U.S. stocks have put together an impressive couple of days, with the S&P 500 rallying over 3% from this week’s lows. While the action has been solid, Thursday marked the turning point. In the stock market today, we saw a bevy of buyers, with major U.S. indices hitting their highest levels in more than a month.
More importantly, readers of this Stock Market Today column will likely recall the “trading range” we’ve referenced multiple times over the past few weeks. Finally, the market is breaking out of that range and starting to move higher. Let’s take a look.
Stock Market Breakout
Above is a chart of the S&P 500 (SPX), but the SPY, DIA and QQQ all have a very similar setup. You can try mapping the same pattern on these indices and ETFs if you’d like.
In any regard, the breakout is very notable. Over the past month, the 2,940 level has been range resistance on the SPX, while 2,830 has been support. Other considerations included uptrend support (blue line) and the 50-day moving average acting as resistance.
Despite the frustrating and choppy nature of the market last month, it was a pretty simple layout — and one that InvestorPlace readers knew well.
Moving forward, bulls need to see the 50-day moving average and 2,940 hold as support. So long as stocks are above this mark, 3,000 is on the table. Above that opens up the door to 3,020, with the all-time highs near 3,028 just above.
So, is that it, are we in the all-clear now that the SPX and other indices have broken out?
Not so fast.
Worries Moving Forward
While the breakout is important and puts the bulls in control of the market, there are still a few things to take note of. First, the U.S.-China trade war remains a very potent headline threat. Any negative developments on this front — which can be as simple as a feisty tweet from the Tariff Man — and investors may find stocks under pressure once more.
Further, while the 10-2 year Treasury spread is no longer negative, it’s only at 0.04%. Another inversion could fire up the recession calls once more. Although, anyone only seems to care when the markets are under pressure…go figure.
Finally, and this is more of a personal observation, but it’s noteworthy to me that the relative strength leaders are, well, no longer leading.
Stocks like Starbucks (NASDAQ:SBUX), Tyson Foods (NYSE:TSN), Roku (NASDAQ:ROKU), Shopify (NASDAQ:SHOP) and a list of others not only lagged the market on Thursday, but were actually negative on the day.
While some stocks have individual explanations, their underperformance raises an eyebrow. It doesn’t mean the rally can’t continue. But it’s healthiest when the relative strength leaders hold up during market turbulence, then lead equities higher once the clouds part.
That’s not happening this time around, and while “rotation” is one possible explanation, I’m watching this group.
Movers in the Stock Market Today
MongoDB (NASDAQ:MDB) fell more than 5% despite beating on earnings and revenue expectations, and providing upside guidance.
Twitter (NYSE:TWTR) put together an impressive breakout, rallying more than 4% to new 52-week highs. Can it get above $47 now?
Vital support held for BlackBerry (NYSE:BB) last month and now shares are up 5.35% on Thursday after it was announced that the company would strengthen its relationship with Jaguar Land Rover. It includes BlackBerry’s artificial intelligence/machine learning and cybersecurity for connected and autonomous vehicles.

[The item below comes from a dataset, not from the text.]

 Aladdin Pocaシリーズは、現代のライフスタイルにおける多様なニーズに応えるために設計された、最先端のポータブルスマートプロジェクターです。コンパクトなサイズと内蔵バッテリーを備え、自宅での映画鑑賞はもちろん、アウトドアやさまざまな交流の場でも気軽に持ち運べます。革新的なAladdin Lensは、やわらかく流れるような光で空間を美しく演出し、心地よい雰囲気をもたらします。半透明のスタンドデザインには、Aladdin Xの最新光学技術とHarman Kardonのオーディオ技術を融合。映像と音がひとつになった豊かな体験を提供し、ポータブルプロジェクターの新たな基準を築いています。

BlackBerry, MongoDB and Twitter were three of the five “Top Stock Trades” on InvestorPlace. Here’s how to trade them now.
Cloudera (NYSE:CLDR) failed to close on session highs, but exploded higher by more than 15% after better-than-expected earnings.
Shares of Slack (NYSE:WORK) closed lower by 3.2% despite beating on earnings and revenue. However, it’s far better than the lows of the day, where Slack fell more than 16% and tested its initial public offering price of $26 before recovering most of the losses.
After closing at around $200 and reporting earnings after the close on Wednesday, Palo Alto Networks (NASDAQ:PANW) plunged to an after-hours low of $180 before rebounding to a high of $220. Talk about volatile! Shares ended the day higher by 5.8% at $212.05 on Thursday.
Last but not least, shares of National Oilwell Varco (NYSE:NOV) jumped 6.3% to three-month highs on Thursday. The jump comes after the stock received an upgrade to “buy” from “hold” at Jefferies. The analyst also lifted their price target to $25 from $23, implying almost 14% upside despite Thursday’s big move.